The Search for Alpha: Soros of the Euro?

We know hedge fund managers are out there but are they "really out there", say with with a macro play to break-up the Eurozone's common currency the Euro? Like the one George Soros spearheaded causing the exit of the British Sterling from the European Exchanage Rate Mechanism in 1992? 

It's pertinent question for all money managers following the 3-pronged EU deal this week to address the uncertainties about the Euro debt / currency crisis:

1) Leverage the European Finance Stability Facility (from Euro 440 bn to Euro 1 trillion+).
2) Recapitalise the Banks to withstand provisions for debt losses.
3)  Debt relief for Greece of 50% from private sector debt holders.

The macro play is also pertinently linked to concerns about the the validity of alpha creation and generation in the hedge fund and wider alternatives space. That is, do managers herd around common  trades, or do they go out on a limb with research or applying other edge? 

George Soros, the billionaire hedge fund investor, renowned for his macro trade of betting against the British Sterling is well documented. What may now be mere detail and packaged neatly into the recess of memory as "Black Wednesday" should have resonance as an important lesson for today. The interpretation that the British pound was  deigned as overvalued in its entry into the ERM, from macro fundamentals research, was something that eventually undid the Bank of England. Earning Mr Soros the title of "the Man Who Broke the Bank of England", for making the astute judgement and wager, which reportedly earned him $1 billion dollars.

Similarly, Greece's entry into Eurozone was under false premise about its fiscal deficit, which was understated by as much as half of Greece's actual debt. Whether Greece’s entry was politically and discretely made expedient is for the regulators and other investigators. This malfeasance with Greek ascendancy to Eurozone membership did come to light and the 'truth outted', plunging Europe  into ongoing exacerbated currency and debt difficulties. Not to mention the spectacle provided for the public and media by the Germans and Greeks to exonerate any suspicion of misdemeanours (see picture below).

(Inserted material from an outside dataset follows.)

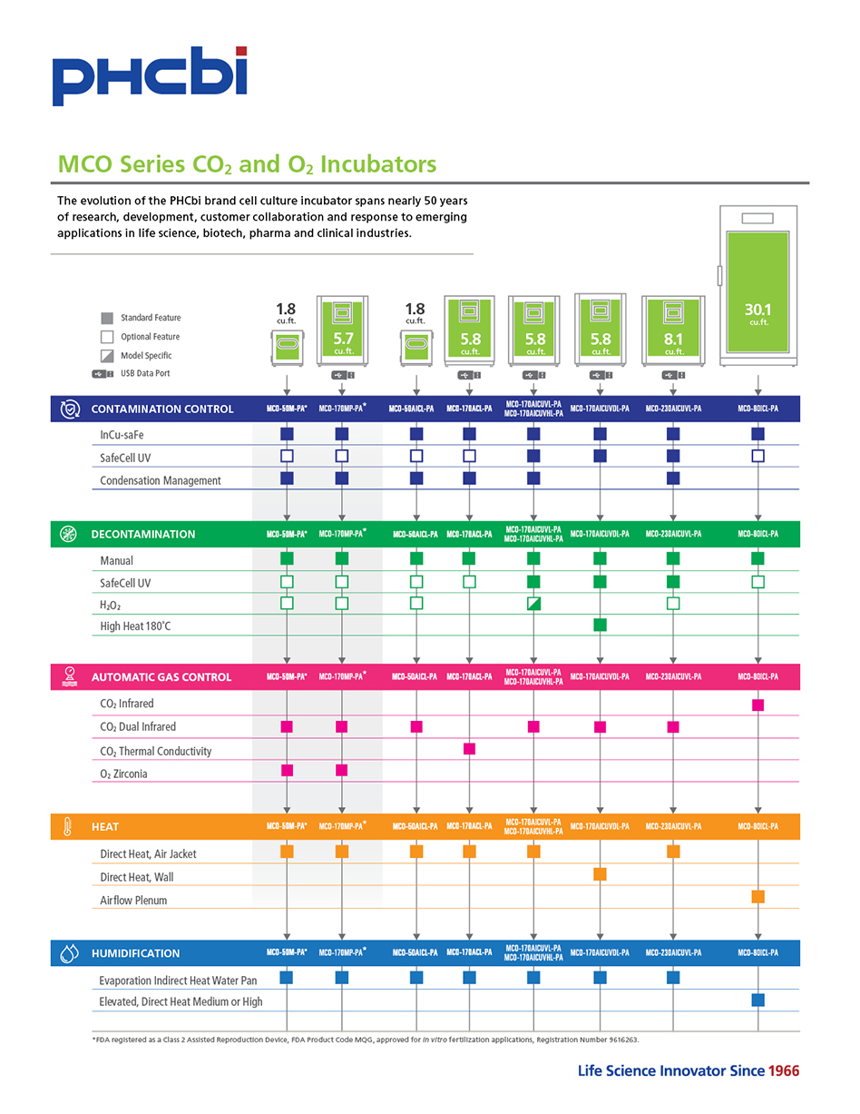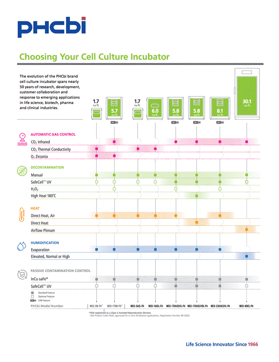 PHCbi brand CO2 and multigas CO2/O2 incubators represent generations of successful product development in response to emerging cell culture protocols used around the world. Our incubators use innovative technology to fulfill a wide range of applications. Download our product brochure to learn more.

From even basic / preliminary research and insight, FPM understand there are strong possibilities for Euro restructuring i.e. of countries exiting and entering the status quo 17 member common currency union within the next 1-2 years (yes the art of forecasting is to indeed tell both the date and event not just either / or!). And over a longer horizon, that an eventual complete break-up of disparate countries making up the European Union is a probability. FPM is of the summary view that EU has once again kicked the real issues of Euro currency and debt into the long grass, through its latest bail-out plans. The 3-pronged response of the EU (listed above) awaits a few days’ market reaction before setting-in-stone the announcement at the G20 summit in Cannes on November 4, 2011. The market reaction was not good, as few days after the Greece-fix, Italy’s borrowing costs hit record highs. The next target for bond vigilantes since Greece debt default is seemingly shored-up – a pyrrhic victory.

Before emerging markets’ currencies were forced to devalue often it was preceded by an IMF-prescribed attempt to restructure internal and external deficits while the country’s central bank defended its exchange rates. Extrapolating from such market behaviour, the Greece saga is a prelude to the single currency restructure, with ironically now stronger emerging markets countries such as China  invited to contribute to the improved EFSF!

Two op-eds in the Financial Times in February 2010 serve as an FPM research benchmark for its views. The first article is by Ottmar Issing, described as “one of the fathers of the euro”, entitled Europe cannot afford to rescue Greece and the other is by Mr Soros entitled The euro will face bigger tests than Greece.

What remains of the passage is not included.